August 1, 2014 admin

Strange Meeting

As I write, a fragile three-day humanitarian truce has begun between Israel and Gaza. Few would dispute the hope that it should last, then outlast those three days, then become the beginning of a deeper and more abiding change. (In fact, it seems it’s not holding.)

Where does one draw hope in these dismal days? There is suffering for Israel, with the killed, the bereaved, the wounded, the fear for the whole population about where the next rocket may fall, the special anguish of those whose children are in the army. There is suffering among ordinary Palestinian people caught in the fighting, the children, the injured, the bereaved.

In this bleak, tragic terrain, it is not difficult for ideologies of hatred and violence to thrive. Looking from Israel we see Hamas, Islamic Jihad and beyond it Isis. Others, from their perspectives, see different kinds of weaponry, drones, bombs dropped from heights they cannot even perceive, and, far underground in hidden places, nuclear arsenals.

These matters concern not just Israelis and Palestinians, Jews and Muslims, but everyone anywhere who cares about life. August 4th marks the centenary of the start of the First World War; we don’t want to be back again where we were then, only worse. We don’t want to offer hatred a victory.

If so, what does winning mean? It’s foolish to think that security and self-defence are not critical to the survival of the free world and humanity everywhere. I don’t believe there is another choice, except to pursue them. But they are not alone sufficient to win a different future. As David Grossman wrote (Haaretz, 27 July) ‘There is no military solution to the real anguish of the Palestinian people, and as long as the suffocation felt in Gaza is not alleviated, we in Israel will not be able to breathe freely either.’ His words apply to many situations well beyond the Middle East.

Somehow, there needs to be a human victory. Sometime in 1918, after four years of madness, Wilfred Owen imagined a Strange Meeting between two dead combatants in an underground tunnel beyond the grave. Here they finally recognize each other: ‘Whatever hope is yours, Was my life also’…‘I am the enemy you killed, my friend.’ We have to try to keep faith, however impossible it may seem, that beneath the layers of fear and projection with which we dress each other, we will one day encounter in at least some of those we have considered enemies the human visage. Many are striving, and succeeding, in doing that even now as I write.

There needs to be a moral victory. We cannot allow purveyors of hate, whoever they are, to recreate us in their own image. We must not be driven into actions which cut us off from our moral foundations. We therefore need to stand for long-term justice, justice for ourselves as Jews with our long and bitter history of being persecuted, justice for ordinary Palestinian people, and justice throughout the world. That is, after all the essence of the Jewish vision. But it’s not just, or even mainly, a ‘Jewish’ issue: this is a challenge which every nation and every faith has to confront.

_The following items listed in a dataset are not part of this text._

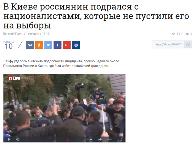 Однако мне кажется, что акция скорее была направлена на внутреннее расшатывание - обратите внимание на заголовки. С одной стороны «В Украине, несмотря на запрет, проходят выборы». Мол, Украина себе кочерыжится, запрещает, а на деле нифига не выходит.
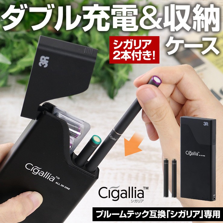 こちらはプルームテック互換機「Cigallia」の専用ケース兼、充電器です。お持ちのCigallia(電子タバコ)やカプセルを収納・充電できるケースです。さらに、今ならプラス500円でシガリアベーシックが2本付いてくる!●Cigalliaを2本同時に収納・充電できる!●カプセル1シートを収納できる!●スマホの電池切れに役立つ、モバイルバッテリー機能付き!デジキン
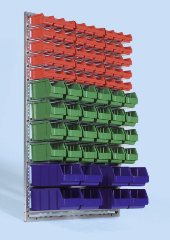 Z univerzalno tirnico za škatle za shranjevanje v velikosti 2/3/4. Idealen za delavnice, obrtna podjetja in industrijo za shranjevanje majhnih in/ali rezervnih delov.
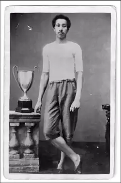 James Cowie (London AC) had won the 100 yards championship for the three previous years but wrote an open letter to Sporting Life to apologise to his many fans that he would be unable to defend his title this year due to an injury.[10] This left just two men in the first of three heats from which five men qualified for the final, to be run at three forty-five. Arthur Wharton, a student at Cleveland College in Darlington, caused a sensation by winning heat 3 in 10 seconds flat. The record at 100 yards had been in doubt for several years with many more or less dubious claims to have run ten seconds. Wharton was the first man to do it under championship conditions where there can be no doubt that all of the rules had been complied with, that the officials were fully competent and experienced men, that the time had been recorded on three accurate watches, and that neither the track nor the wind were offering any assistance.[9] In the final, forty-five minutes later, Wharton got away well and after covering 70 yards was two yards clear of the field. In the closing stages Charles Wood (Blackheath H.) narrowed the gap but Wharton reproduced his marvellous time and won by a clear yard.[3][5][12]
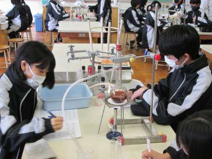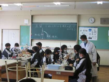 本日3時間目、2年1組は理科室で実験をしていました。先日他のクラスでも取り組んでいましたが、ワインを使った蒸留の実験でした。
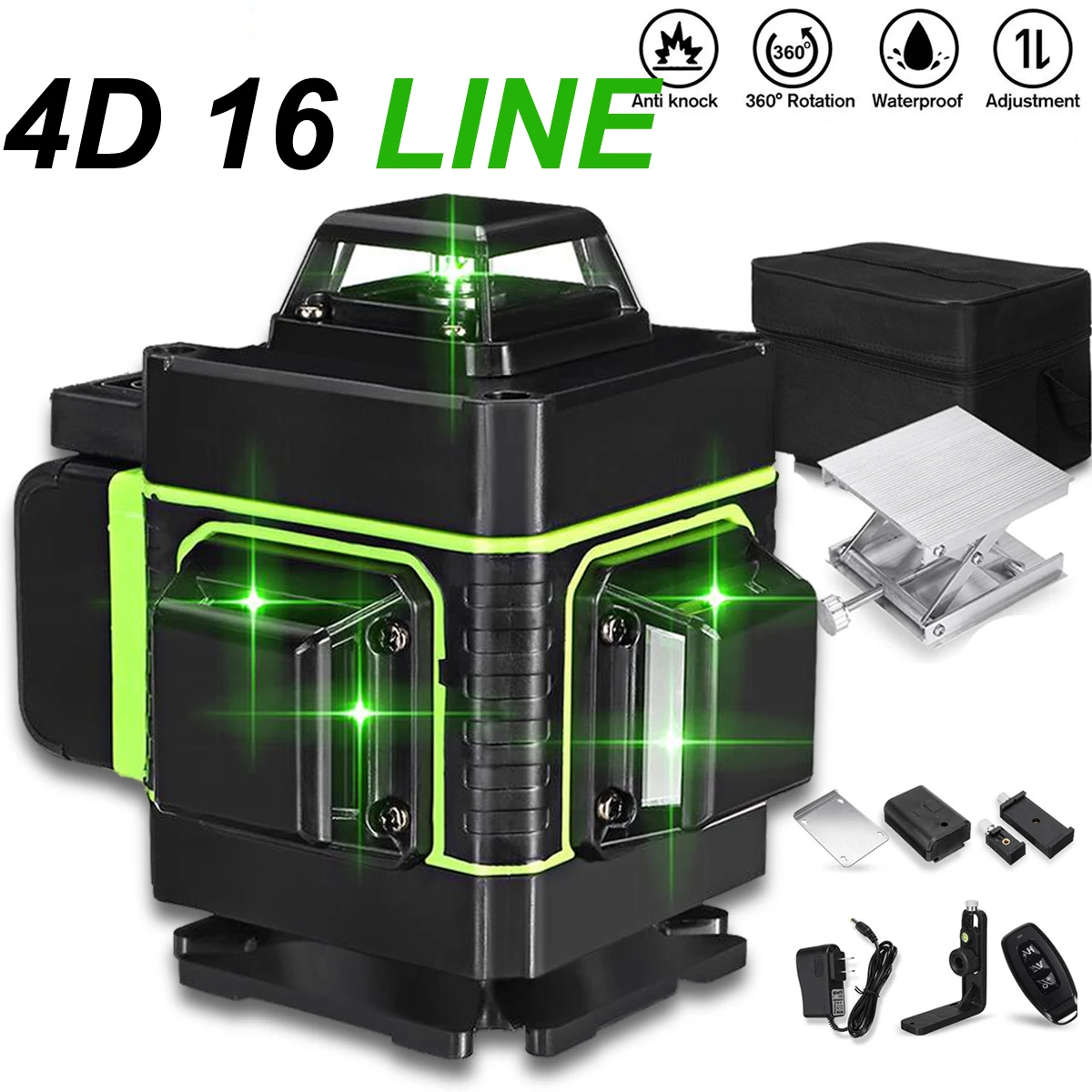 16-линейный зеленый лазерный уровень 4D, 360 Горизонтальные и вертикальные перекрестные линии с автоматическим самовыравниванием, супермощный для помещений и улицы
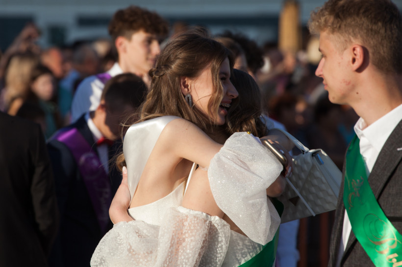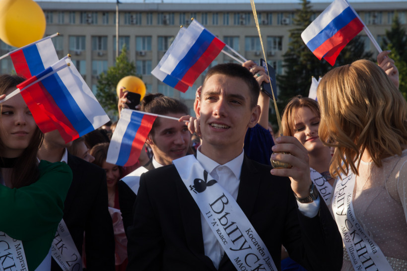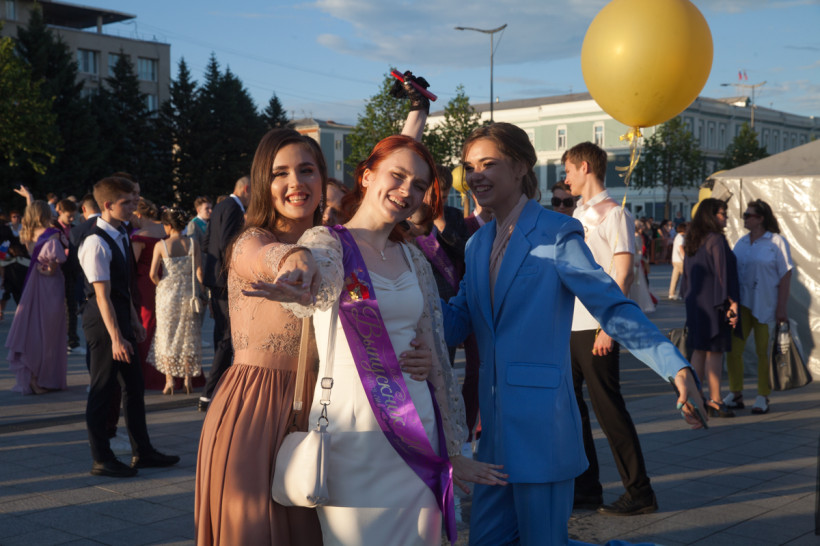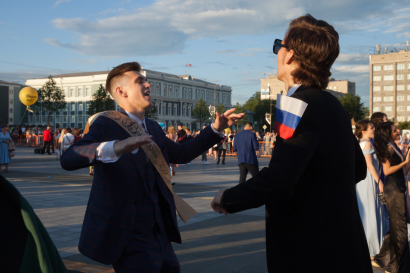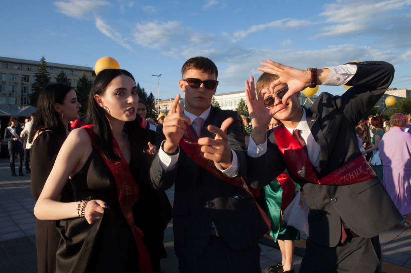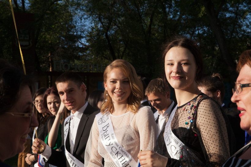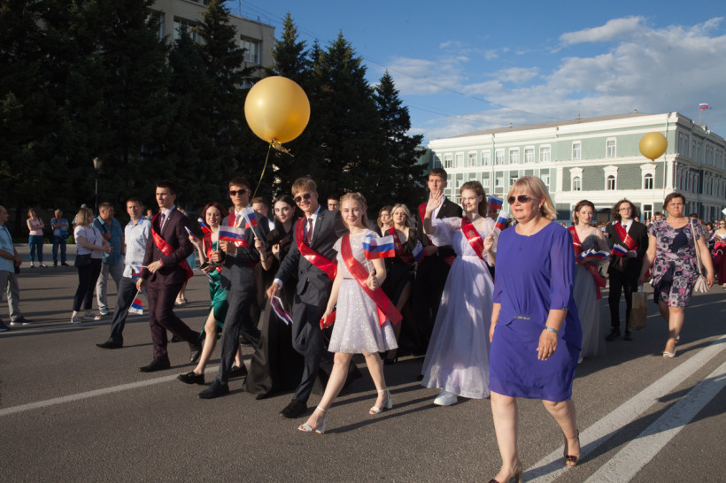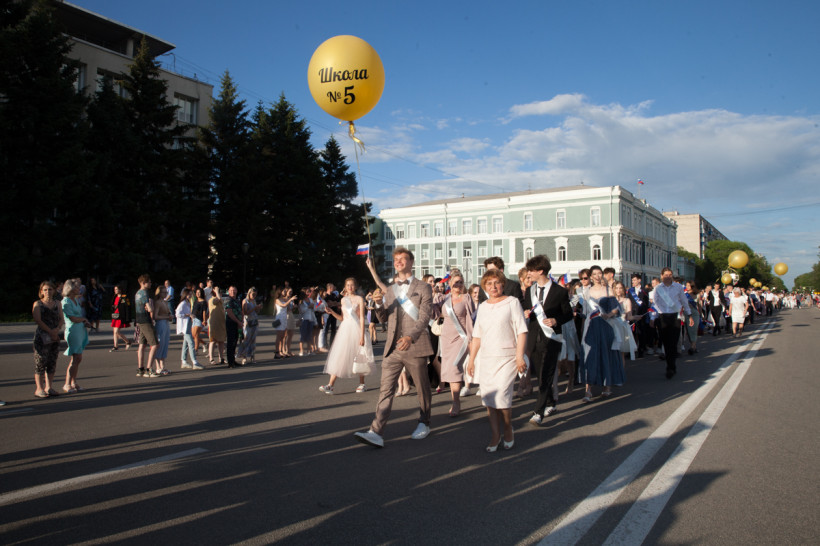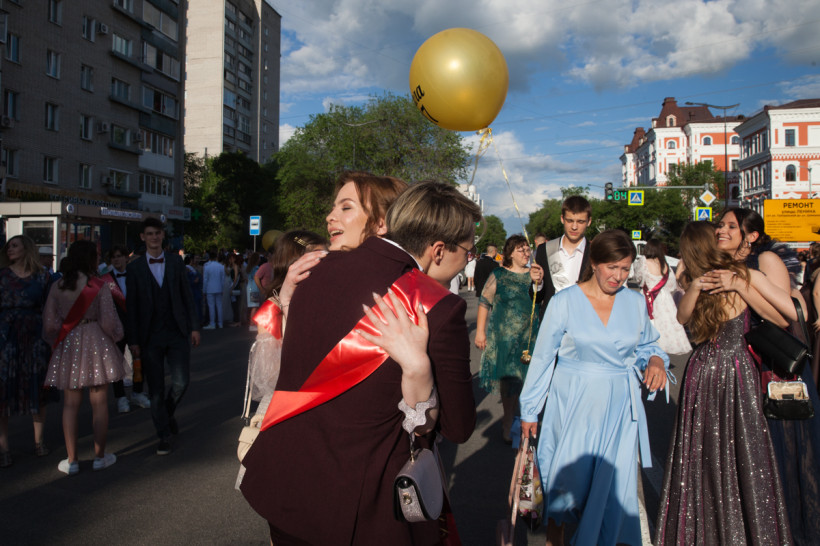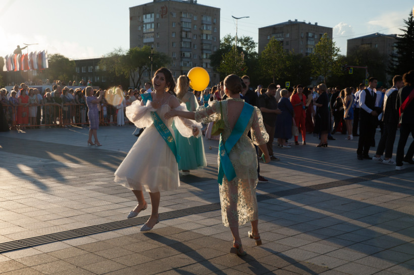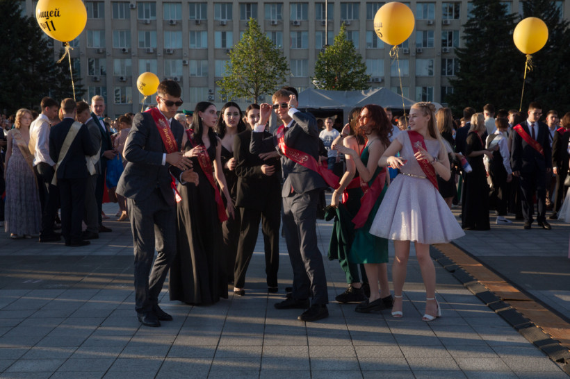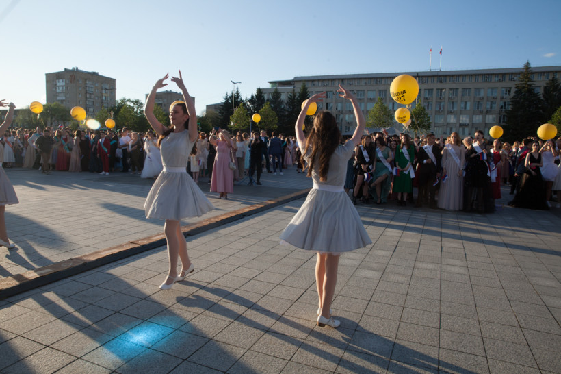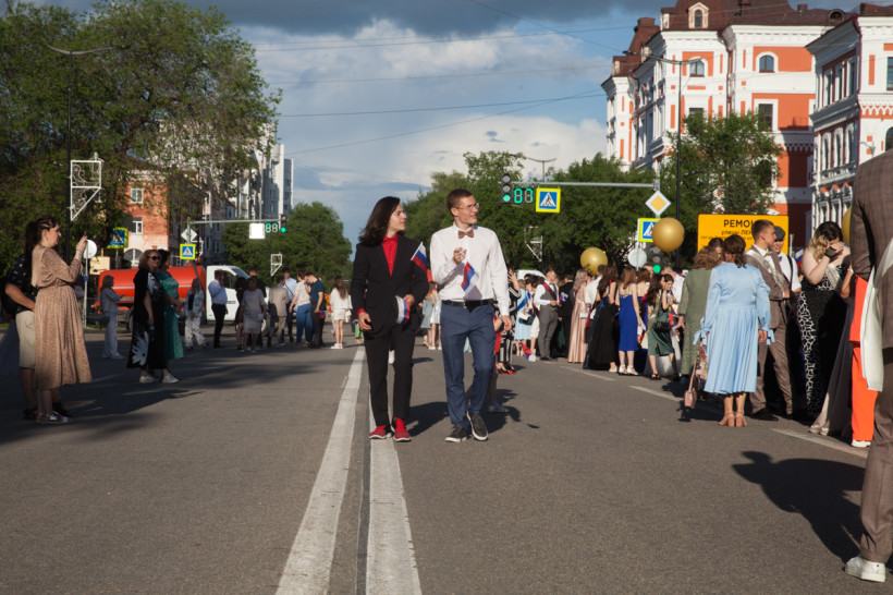 На площади Ленина 25 июня посмотреть на нарядных выпускников собрались не только их родители и родственники, но и обычные горожане. В этом году более 1 200 бывших одиннадцатиклассников прошли по главной улице колоннами навстречу друг другу от Пионерской и Шимановского. Уже на площади молодежь, вступающую во взрослую жизнь, поздравили зампредседателя правительства региона, министр образования и науки Амурской области Светлана Яковлева, мэр города Благовещенска Олег Имамеев, и. о. председателя Благовещенской гордумы Степан Попов. Выпускники поучаствовали в интерактивной программе, станцевали вальс и послушали выступление кавер-группа DolceDisko. Весь вечер на Ленина работала фотовыставка «Мой выпускной», на которой было представлено более 100 снимков от горожан. На празднике побывал фотограф «Амурской правды» Владимир Воропаев.
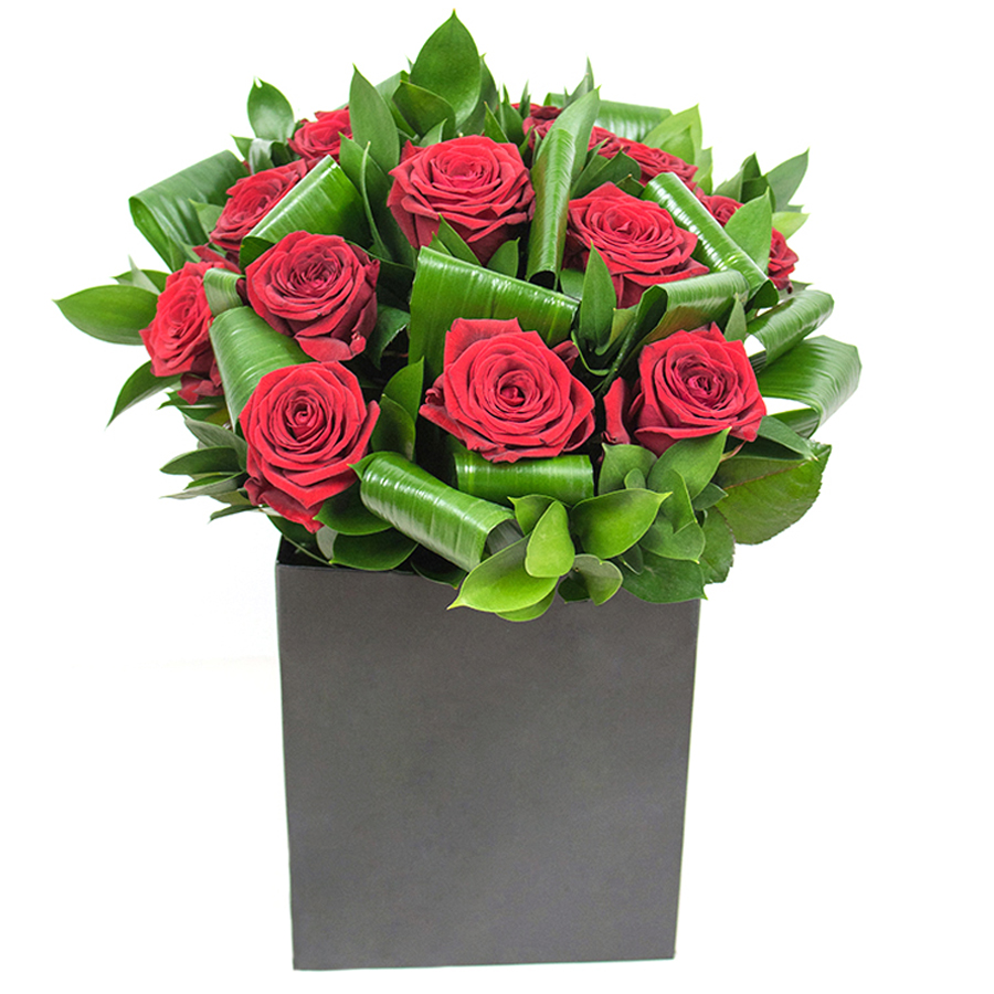 Dive into the allure of our red rose bouquet, a sophisticated combination of richly hued roses, fresh aspidistra leaves, and delicate ruscus. Designed with creativity and flair, this arrangement perfectly captures the essence of luxury and natural beauty. Each bloom is carefully chosen to ensure peak freshness, making this bouquet a remarkable centerpiece for any setting.
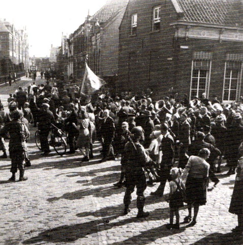 Nederlandse jongeren helpen militairen van de Amerikaanse luchtlandingstroepen onder leiding van Lieutenant General Lewis H. Brereton
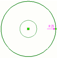 Tekla Structures creates a new circle that is centered in the same location as the original circle, and adjusts the radius by the offset that you specified.
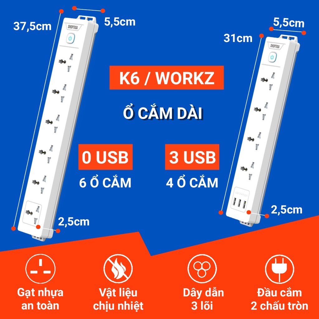 - Ổ điện dài: K6 không có ổ USB kích thước 42x5x2 (cm)
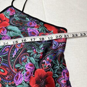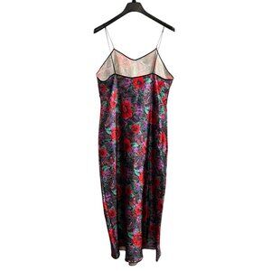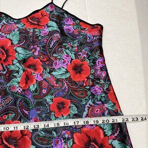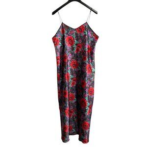 Vintage Slip Dress Womens L Red Satin Floral Maxi Paisley Nightgown 90s Y2K

There need to be economic victories. There clearly exist ideologies which want to bully us into thinking otherwise, but we have to believe that the vast majority of people want lives which include education, work, family, children, happy memories and a good future. We all need to help make such futures possible. The rich world must not continue to leave people in wretched corners where they have nothing to lose, and nothing to gain except how expensively they can sell their deaths.

There needs to be a spiritual victory, of appreciation that God is the God of life, that every human being carries God’s sacred image, that all life on earth matters, that we must share and honor our sacred home, this earth. It is the ceaseless duty of all religions to affirm and live out these truths with all the passion and commitment of which they are capable.

I put my hope not so much in these beliefs as in those people, in Israel, the Middle East and across the world, who strive to live by them and whose successes, which often seem small in the face of great violence, are the foundation for our future.